Miners dropped along with metals prices after data showed consumer spending in the United States fell unexpectedly in June to show the first decline in nearly two years. Gold, however, rallied to its ninth record high this year as investors moved into perceived safe-haven assets, helping propel Fresnillo to the top of the blue chip leader board. The precious metals miner rose 4.6 percent as it unveiled a 92 percent surge in first-half core profit and raised its dividend by 128 percent.
Randgold Resources, meanwhile, climbed 0.5 percent. "A very tough start of the month with a lot of people positioned for a relief rally pre-empting a US debt ceiling deal," said Lex van Dam, hedge fund manager at Hampstead Capital, which has about $500 million of assets under management.
"But negative economic data around the world are the new focus now. Nowhere to hide really with people's favourite stocks all getting crushed... Gold is king again." The US consumer report followed sluggish US and global manufacturing data on Monday which shifted investors firmly into "risk-off" mode, ahead of Friday's key US jobs report.
"Because of the non-farm payrolls on Friday, investors are taking any underperforming data in the run up to that as a double negative really and keeping sensitivity high," Joshua Raymond, market strategist at City Index, said.

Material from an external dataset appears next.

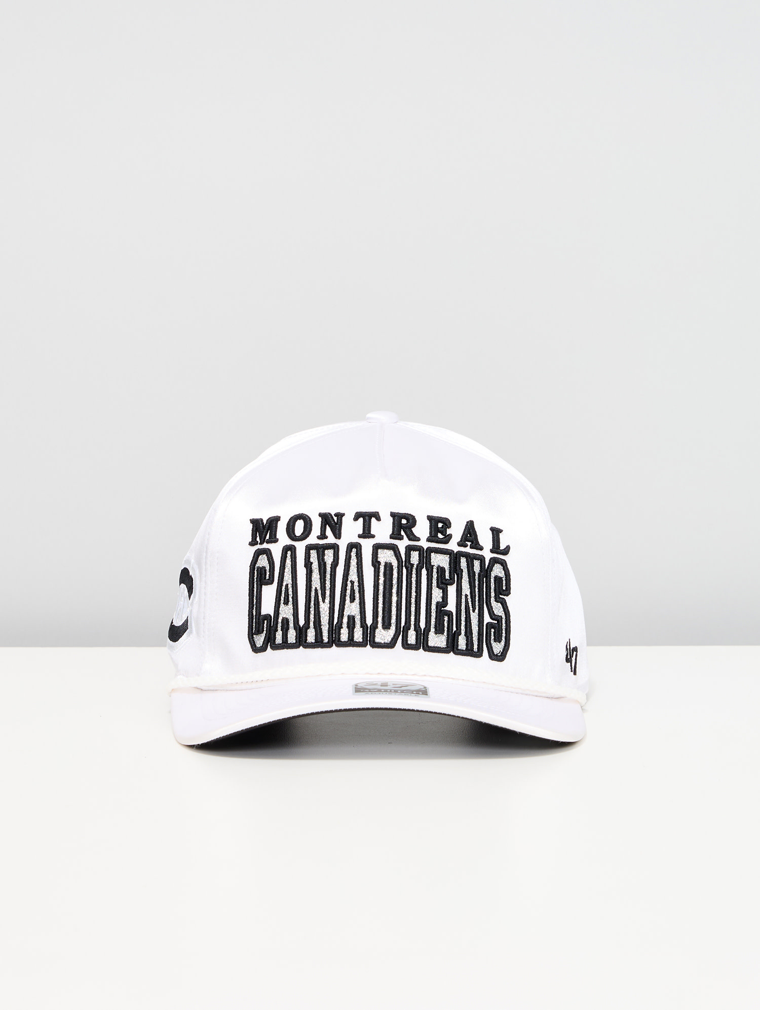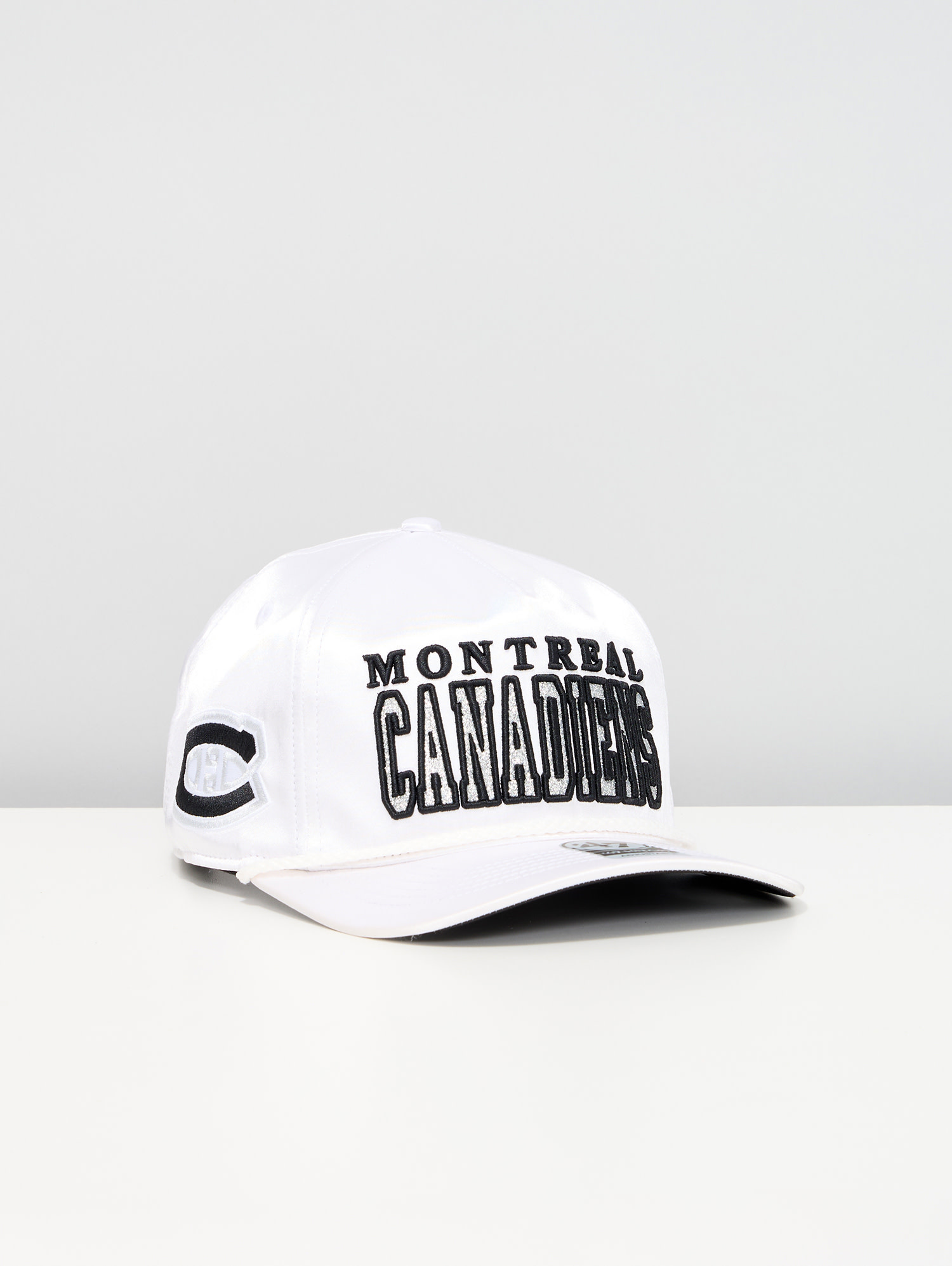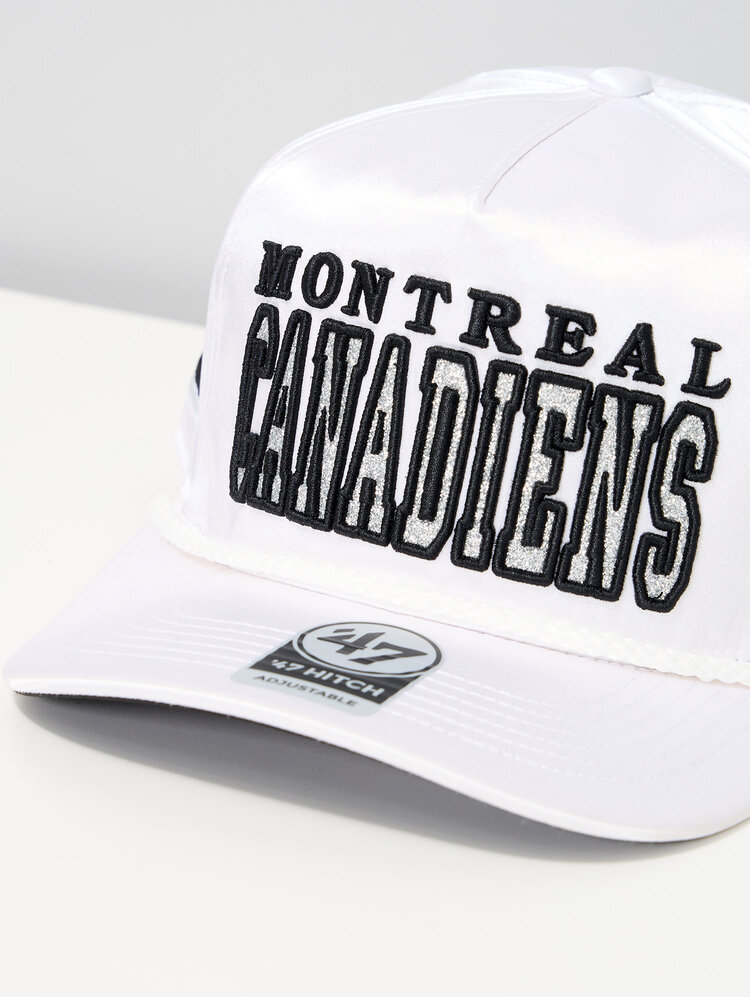 Make a bold statement with the Montreal Canadiens Outspoken Satin Women's Snapback Cap. Crafted from thick satin fabric, this cap offers a sleek, eye-catching finish with a structured shape for a polished look. The adjustable plastic snapback closure ensures a secure and customizable fit, while the braided rope detail across the visor adds a touch of retro charm. A glitter appliqué with embroidery on the front highlights the Canadiens name with flair, complemented by a flat embroidered team logo on the side. Perfect for fans who love to stand out in style.
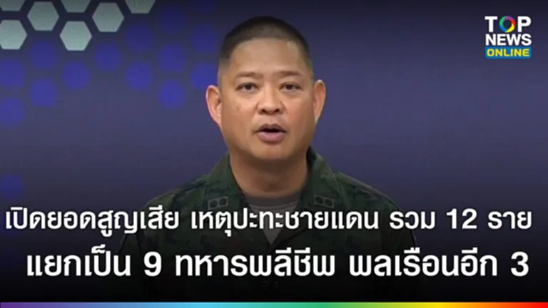 “โฆษกกลาโหม” แถลงยอดสูญเสียเหตุปะทะชายแดนแล้ว 12 ราย แยกเป็น 9 ทหารพลีชีพ พลเรือนอีก 3 ได้รับผลทางอ้อม บาดเจ็บรักษาตัว 120

The downbeat data overshadowed the approval of a rise in the US statutory borrowing limit by the House of Representatives on Monday night. The US Senate is expected to pass the measure later on Tuesday. Banks were broadly weaker. Barclays slipped 0.1 percent after posting results, which traders said were mixed but better than expected. HSBC, however, edged up 0.4 percent, building on gains made in the previous session following its better than expected first half numbers. Lloyds Banking Group shed 3 percent and Royal Bank of Scotland fell 2.2 percent, ahead of results on Thursday and Friday respectively.
Hargreaves Lansdown fell 12.7 percent, the top FTSE 100 faller, as traders cited the impact of new rules, published on Monday by the Financial Services Authority (FSA), looking to ban payments by fund managers to platform providers. Pre-earnings nerves also hit GKN, off 4.7 percent, with the engineer due to report first-half results on Wednesday.

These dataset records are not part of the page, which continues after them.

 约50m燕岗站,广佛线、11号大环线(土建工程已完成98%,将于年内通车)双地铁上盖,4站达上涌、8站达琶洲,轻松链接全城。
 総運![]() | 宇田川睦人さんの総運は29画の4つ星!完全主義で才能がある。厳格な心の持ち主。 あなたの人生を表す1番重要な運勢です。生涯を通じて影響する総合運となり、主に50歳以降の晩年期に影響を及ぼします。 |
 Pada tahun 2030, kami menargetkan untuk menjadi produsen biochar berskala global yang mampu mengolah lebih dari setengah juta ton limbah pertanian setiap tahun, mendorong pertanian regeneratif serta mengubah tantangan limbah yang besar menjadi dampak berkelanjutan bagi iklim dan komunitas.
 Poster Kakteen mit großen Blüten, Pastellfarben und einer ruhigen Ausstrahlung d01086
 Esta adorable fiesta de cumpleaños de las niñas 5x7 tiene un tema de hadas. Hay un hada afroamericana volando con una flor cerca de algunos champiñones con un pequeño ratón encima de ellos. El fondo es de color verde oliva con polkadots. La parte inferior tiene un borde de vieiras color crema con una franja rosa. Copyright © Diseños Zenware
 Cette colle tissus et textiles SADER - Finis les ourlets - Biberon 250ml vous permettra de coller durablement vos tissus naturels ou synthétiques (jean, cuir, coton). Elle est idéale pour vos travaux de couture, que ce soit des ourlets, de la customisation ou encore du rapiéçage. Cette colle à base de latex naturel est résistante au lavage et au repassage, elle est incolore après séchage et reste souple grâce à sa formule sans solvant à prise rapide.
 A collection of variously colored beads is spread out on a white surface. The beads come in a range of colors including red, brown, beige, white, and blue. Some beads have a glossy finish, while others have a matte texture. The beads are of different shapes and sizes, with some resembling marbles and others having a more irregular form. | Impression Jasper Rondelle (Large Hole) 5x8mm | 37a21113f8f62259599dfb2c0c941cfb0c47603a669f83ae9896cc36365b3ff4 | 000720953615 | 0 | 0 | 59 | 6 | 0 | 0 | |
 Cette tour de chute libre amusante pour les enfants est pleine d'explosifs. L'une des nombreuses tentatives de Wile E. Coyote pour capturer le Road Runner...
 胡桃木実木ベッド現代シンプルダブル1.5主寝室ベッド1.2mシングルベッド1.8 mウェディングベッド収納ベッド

Buyers came in for utility stocks for their defensive attractions and as sentiment in the sector was lifted by Hong Kong tycoon Li Ka-shing's agreement to buy Northumbrian Water for 2.4 billion pounds ($3.9 billion) - the biggest take-over this year of a British-listed company.
FTSE 250-listed Northumbrian Water and Pennon advanced 4.5 percent and 3.0 percent respectively, while large-caps Severn Trent and United Utilities added 2.5 percent and 1.1 percent. Other stocks with defensive qualities were also in demand. Energy network operator National Grid rose 2.0 percent, cigarette firm British American Tobacco was up 1.0 percent, and grocer Wm Morrison Supermarkets 1.2 percent firmer. Fashion retailer Next added 1.1 percent ahead of its second-quarter trading update on Wednesday.